Naming in output. ✅ Use the Kubernetes deployment/Service name (atlas-postgrest) as the ID column. NAME column = $SCRIPT_NAME only (no (atlas) parenthetical — the app discriminator is already in the ID).
- Rationale: the ID is the actionable identifier — same string a user types into ./uis network expose tailscale <name>, kubectl describe deploy -n postgrest <name>, etc. The team-share flow ("see what's running → expose one via Tailscale Funnel") depends on this string being visible.
- Asymmetry-with-other-verbs noted: ./uis deploy postgrest --app atlas uses <service> --app <name> form, while ./uis network expose tailscale atlas-postgrest uses the Service name. The status output exposes the Kubernetes-real name; the deploy/configure verbs translate --app → <app>-<service> internally. A future cleanup could make ./uis deploy atlas-postgrest a synonym, but that's a separate INVESTIGATE — not blocking this fix.
Cross-namespace pattern. ✅ Read SCRIPT_NAMESPACE from the service script. Postgrest sets SCRIPT_NAMESPACE="postgrest". The iteration logic queries kubectl get deploy -n $SCRIPT_NAMESPACE -l app.kubernetes.io/name=$SCRIPT_ID. This works for any multi-instance service that shares a single namespace across instances (postgrest's pattern). A future multi-instance service that uses per-app namespaces (e.g. atlas and railway namespaces instead of all-in-postgrest) wouldn't fit a single SCRIPT_NAMESPACE value — see C-7 for that out-of-scope future case.

Outcomes — decided

Confirm the root cause by reading cmd_status + the postgrest service's metadata — see "Root cause (confirmed)" section above.
Decide on metadata vs. convention for multi-instance detection — metadata, via the existing SCRIPT_MULTI_INSTANCE / multiInstance flag.
Pick a fix candidate (1 / 2 / 3 / hybrid) — Option 1, with the deployment name as the row ID.
Verify whether ./uis list has the same gap and bundle the fix if so — YES; bundled.
Decide naming convention for the status row — ID = <app>-<service> (deployment/Service name); NAME = $SCRIPT_NAME.

Implementation Contracts — locked

C-1: Multi-instance metadata. Use the existing SCRIPT_MULTI_INSTANCE="true" flag (already on service-postgrest.sh; already in services.json as multiInstance: true). Consolidate the two duplicate helpers _is_service_multi_instance (lib/service-deployment.sh) and _is_multi_instance (lib/configure.sh) into one canonical _is_service_multi_instance in lib/service-deployment.sh; update the lib/configure.sh:216 call site.

C-2: Per-instance iteration (status + list display only).

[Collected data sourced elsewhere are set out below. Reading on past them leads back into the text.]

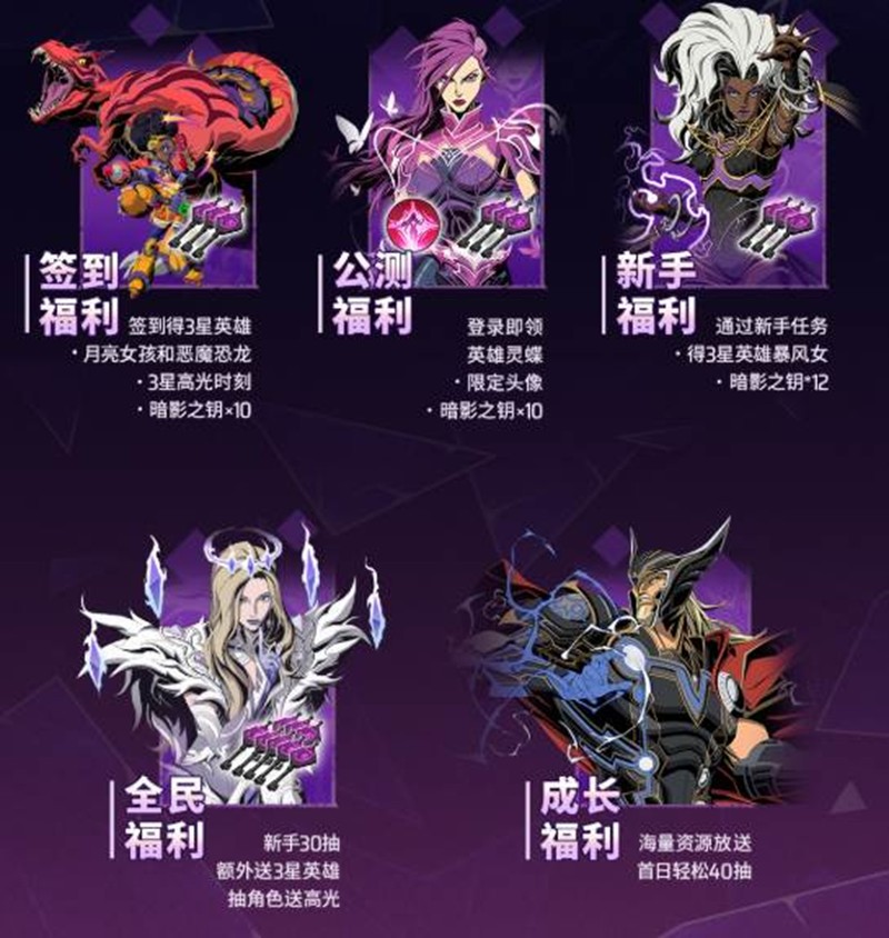 公测福利:所有玩家在公测期间登录游戏,即可领取英雄灵魂和限定头像,更有暗影之钥*10等丰厚奖励,让玩家快速积累资源,享受游戏乐趣。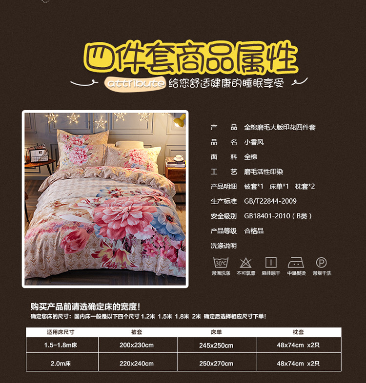 商品名称:芃成家纺 2017平网全棉四件套 小香风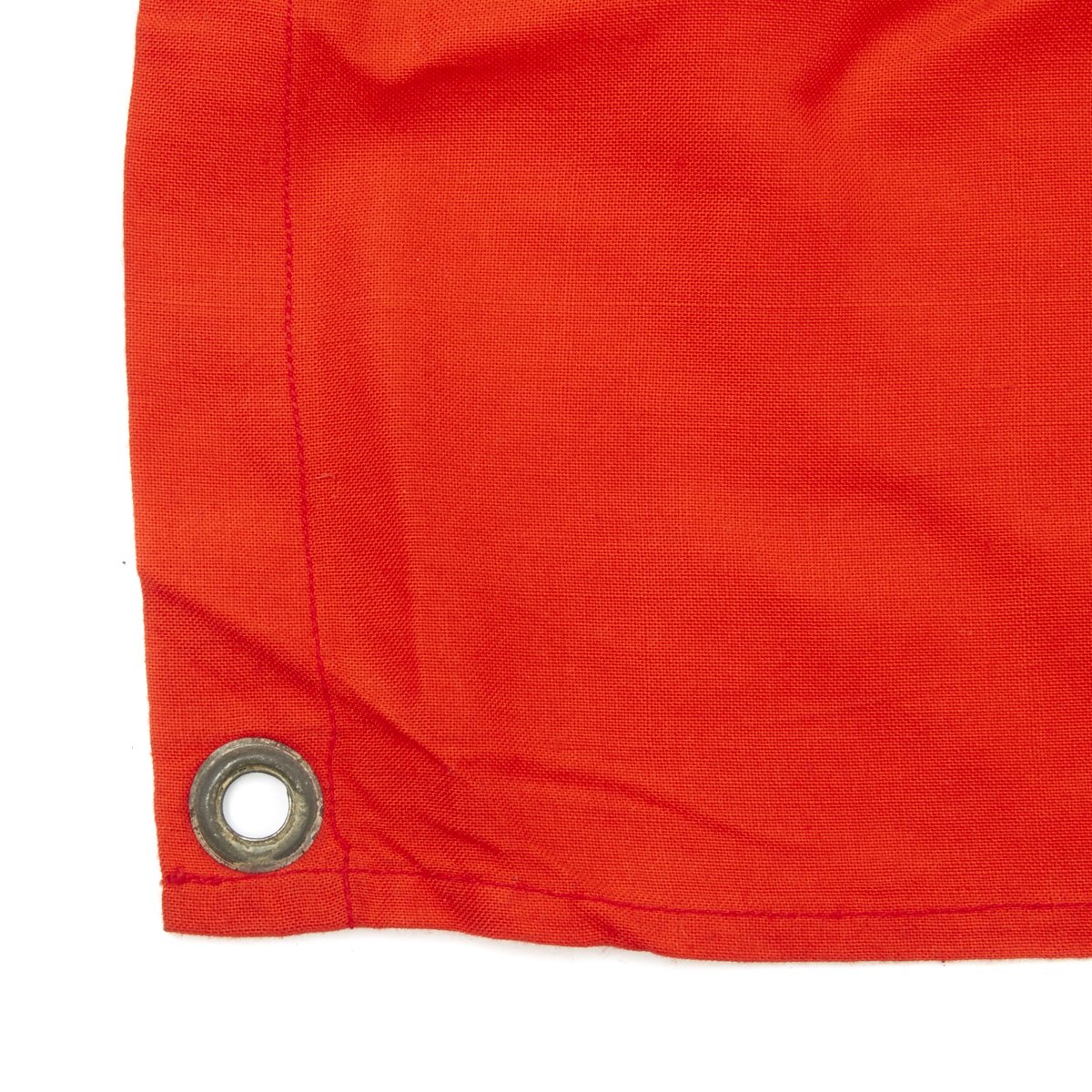 This cotton flag features multi-piece construction and is single sided with grommets located in each corner. These grommets were secured to tension lines that secured the flag to the back of the tank laying flat. Thereby the flag was only visible to persons located above the tank. Generally these flags were intended to be seen by German airplanes so as not to be struck by friendly fire.

For each service with SCRIPT_MULTI_INSTANCE="true", run:

kubectl get deploy -n "$SCRIPT_NAMESPACE" -l "app.kubernetes.io/name=$SCRIPT_ID" --no-headers 2>/dev/null

Parse column 1 (deployment name = <app>-<service>) as the row ID; column 2 (READY, e.g. 2/2) for health — healthy iff column 2 matches ^([1-9][0-9]*)/\1$.

Behaviour for each case, matching today's single-instance asymmetry between cmd_status (only-healthy) and cmd_list (always-show-row):

Case	`cmd_status`	`cmd_list`
Deployment exists, healthy (e.g., `2/2`)	one `✅ Healthy` row	one `✅ Deployed` row
Deployment exists, degraded (e.g., `1/2`, `0/2`)	no row (same as today's check-failed behaviour for single-instance)	one `⚠ Degraded (<ready>/<replicas>)` row
Zero deployments matching the label selector	no row	one `❌ Not deployed` row for the service-type (ID = `$SCRIPT_ID`)
kubectl error / no cluster	no row	no row for that service (kubectl-error path same as single-instance)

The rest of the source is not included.